Collection entries -

· · · · · · ·

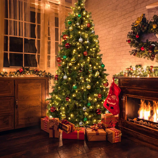 7.5ft Pre-lit Christmas Tree, Spruce Artificial Christmas Tree with Warm White Lights, Xmas Tree with Storage Bag and Metal Stand for Indoor and Outdoor Holiday Decoration
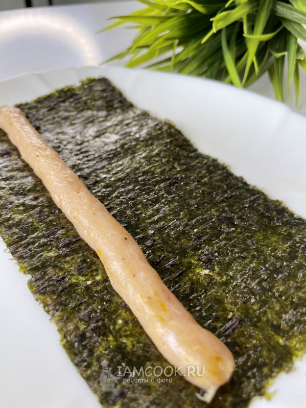 Листы нори разрезаем пополам и выдавливаем фарш полоской. Один край листа нори смазываем яйцом.
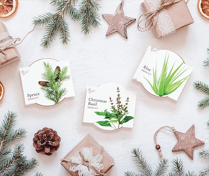 - Assorted 12-Pack: The bestselling Radiant Collection includes terracotta pots and seeds to grow, 4 Aloe, 4 Christmas Basil, and 4 Spruce
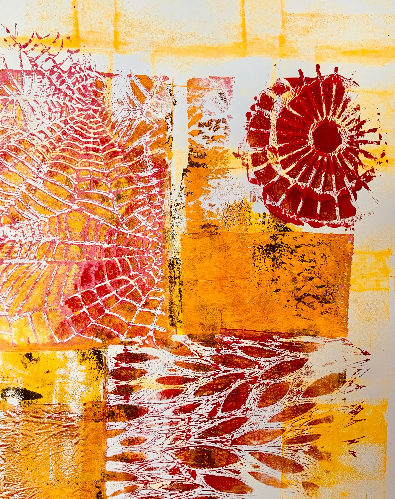 Abstract Rood Oranje Geel Klein Werk Gedrukt
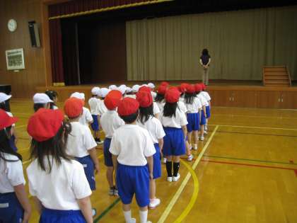 男女混合の背の順に並んで,先生のお話を聞く時の姿勢を学びました。
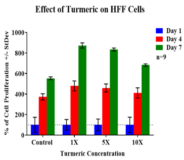 Figure 3A HFF-1 cells were seeded at an initial density of 10,000 per well in concentrations of either turmeric (4.6µg/mL, 1X), turmeric (23.1µg/mL, 5X), or turmeric (46.2µg/mL, 10X) for seven days in an incubator at 37℃ with 5% CO₂. On day 1, after an hour of incubation, day 4, and day 7 measurements of proliferation were taken. During those reading, cells were treated with calcein and analyzed using a FilterMax F5 Microplate Reader.
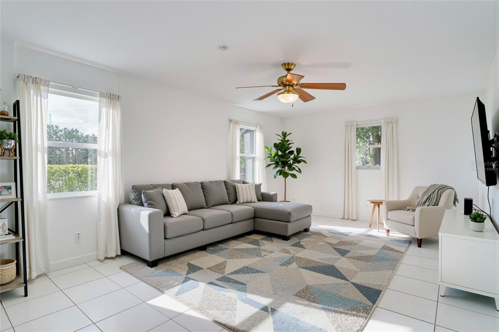 Ceiling Fan(s), Eating Space In Kitchen, Living Room/Dining Room Combo, Primary Bedroom Main Floor, Thermostat, Window Treatments
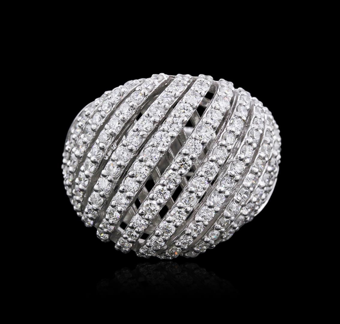One electronically tested 14KT white gold ladies cast diamond ring with a bright polish finish. Identified with markings of "14K". Condition is new. Containing: One Hundred Thirty-One prong set round brilliant cut diamonds, measuring 1.50 - 1.50 x 0.90mm (depth est.) approximate total weight of 131 Stones = 2.10ct. Clarity: SI-1 to I-1. Color: I - J, Cut is Very Good. All diamonds are graded in the mounting, unless otherwise stated. Total Weight of Diamonds 2.10ct. Total Weight of Ring 12.50 grams. GGL Appraised at $4,970.00.
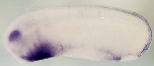 Larger Image bambi (BMP and activin membrane-bound inhibitor) gene expression in Xenopus tropicalis embryo, assayed via in situ hybridization, NF stage 26, lateral view, anterior left, dorsal up. Copyright © Harland lab in situ screen
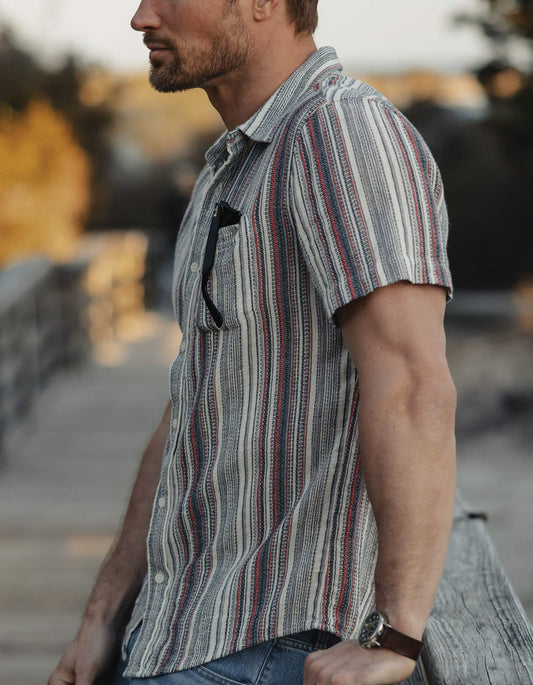 • Freshwater Short Sleeve Button Up Shirt in Americana Stripe
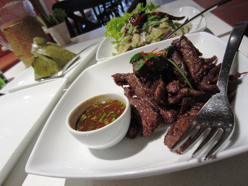 Nua Daed Deaw ($8) – Sun dried beef strips with Jim Jaew dipping sauce
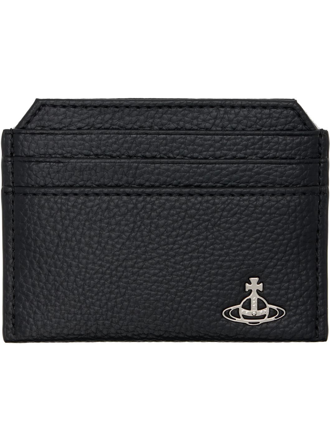 Pebble-grained leather card holder. · Logo hardware at face · Six card slots · Central note slot · Twill lining · Silver-tone hardware · H3" x W4" Supplier color: Black Leather. Made in Italy 252314M163013
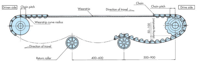 Q10 頂板鏈條和塑膠塊狀鏈條的回程側佈局
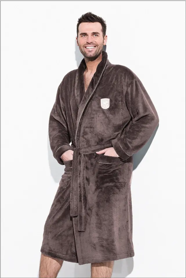 Ciepły i miękki szlafrok męski, wykonany z wysokiej jakości tkanin. Posiada kieszenie oraz wiązanie w pasie. Efektowny kołnierz zapewnia ciepło i ładnie komponuje się z całością. Posiada niewielki haft w okolicach piersi. Wykończony jasną lamówką. Dostępny w kilku wersjach kolorystycznych. Bardzo praktyczny i wygodny.
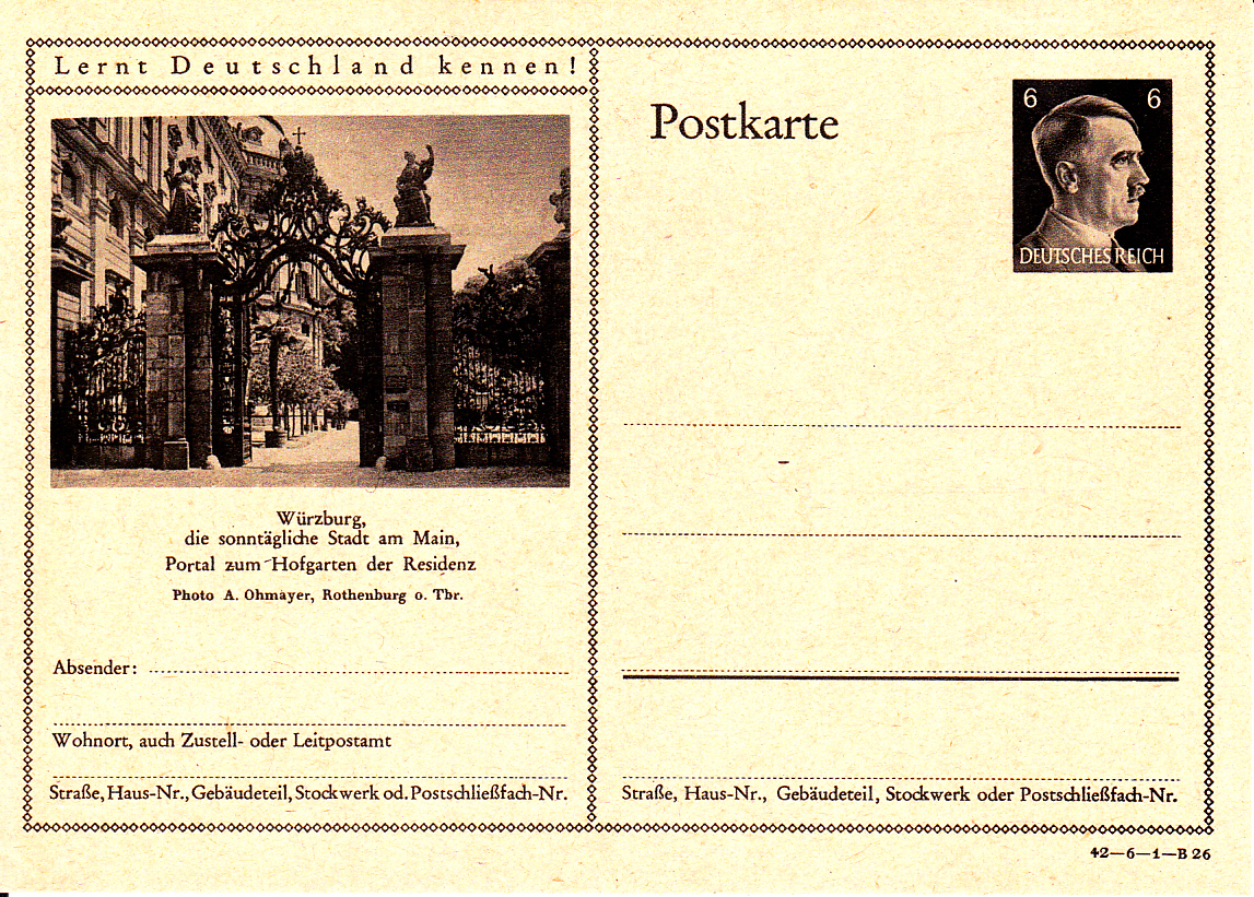 Diese Bildpostkarte (Serie 6 Bild 26) zeigt das Portal zum Hofgarten der Rersidenz. Die Würzburger Residenz ist ein barocker Schlossbau am Rande der Innenstadt von Würzburg, der 1720 begonnen wurde und bis 1744 vollendet war. Die Innenausstattung der in der Schönbornzeit unter der Regie von Balthasar Neumann entstandenen Residenz wurde im Jahr 1781 fertiggestellt.
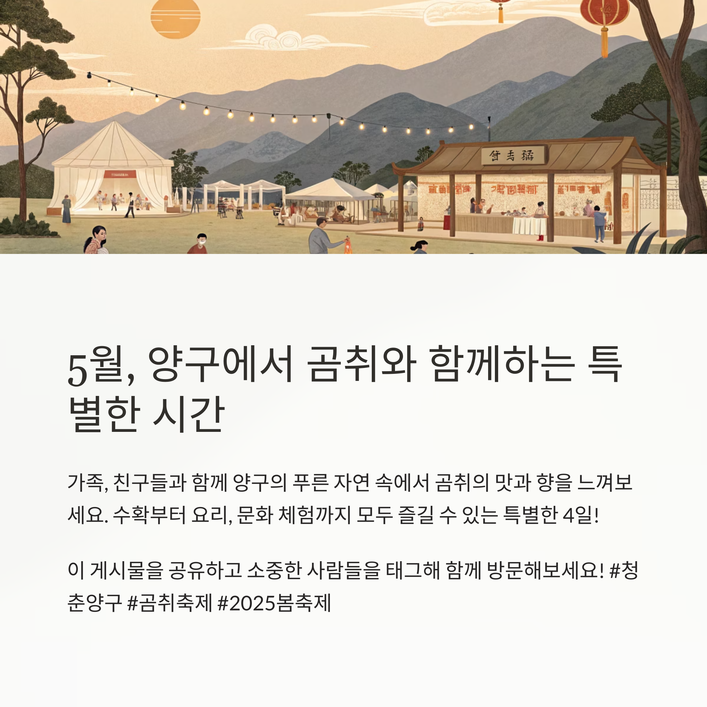 올해 5월, 꼭 청춘양구 곰취축제에서 특별한 시간을 보내시길 바랍니다.

· · · · · · ·

TASK STATEMENT - Every entry should be repeated verbatim, with the pictures left out.

TASK RESULT -
 7.5ft Pre-lit Christmas Tree, Spruce Artificial Christmas Tree with Warm White Lights, Xmas Tree with Storage Bag and Metal Stand for Indoor and Outdoor Holiday Decoration
 Листы нори разрезаем пополам и выдавливаем фарш полоской. Один край листа нори смазываем яйцом.
 - Assorted 12-Pack: The bestselling Radiant Collection includes terracotta pots and seeds to grow, 4 Aloe, 4 Christmas Basil, and 4 Spruce
 Abstract Rood Oranje Geel Klein Werk Gedrukt
 男女混合の背の順に並んで,先生のお話を聞く時の姿勢を学びました。
 Figure 3A HFF-1 cells were seeded at an initial density of 10,000 per well in concentrations of either turmeric (4.6µg/mL, 1X), turmeric (23.1µg/mL, 5X), or turmeric (46.2µg/mL, 10X) for seven days in an incubator at 37℃ with 5% CO₂. On day 1, after an hour of incubation, day 4, and day 7 measurements of proliferation were taken. During those reading, cells were treated with calcein and analyzed using a FilterMax F5 Microplate Reader.
 Ceiling Fan(s), Eating Space In Kitchen, Living Room/Dining Room Combo, Primary Bedroom Main Floor, Thermostat, Window Treatments
One electronically tested 14KT white gold ladies cast diamond ring with a bright polish finish. Identified with markings of "14K". Condition is new. Containing: One Hundred Thirty-One prong set round brilliant cut diamonds, measuring 1.50 - 1.50 x 0.90mm (depth est.) approximate total weight of 131 Stones = 2.10ct. Clarity: SI-1 to I-1. Color: I - J, Cut is Very Good. All diamonds are graded in the mounting, unless otherwise stated. Total Weight of Diamonds 2.10ct. Total Weight of Ring 12.50 grams. GGL Appraised at $4,970.00.
 Larger Image bambi (BMP and activin membrane-bound inhibitor) gene expression in Xenopus tropicalis embryo, assayed via in situ hybridization, NF stage 26, lateral view, anterior left, dorsal up. Copyright © Harland lab in situ screen
 • Freshwater Short Sleeve Button Up Shirt in Americana Stripe
 Nua Daed Deaw ($8) – Sun dried beef strips with Jim Jaew dipping sauce
 Pebble-grained leather card holder. · Logo hardware at face · Six card slots · Central note slot · Twill lining · Silver-tone hardware · H3" x W4" Supplier color: Black Leather. Made in Italy 252314M163013
 Q10 頂板鏈條和塑膠塊狀鏈條的回程側佈局
 Ciepły i miękki szlafrok męski, wykonany z wysokiej jakości tkanin. Posiada kieszenie oraz wiązanie w pasie. Efektowny kołnierz zapewnia ciepło i ładnie komponuje się z całością. Posiada niewielki haft w okolicach piersi. Wykończony jasną lamówką. Dostępny w kilku wersjach kolorystycznych. Bardzo praktyczny i wygodny.
 Diese Bildpostkarte (Serie 6 Bild 26) zeigt das Portal zum Hofgarten der Rersidenz. Die Würzburger Residenz ist ein barocker Schlossbau am Rande der Innenstadt von Würzburg, der 1720 begonnen wurde und bis 1744 vollendet war. Die Innenausstattung der in der Schönbornzeit unter der Regie von Balthasar Neumann entstandenen Residenz wurde im Jahr 1781 fertiggestellt.
 올해 5월, 꼭 청춘양구 곰취축제에서 특별한 시간을 보내시길 바랍니다.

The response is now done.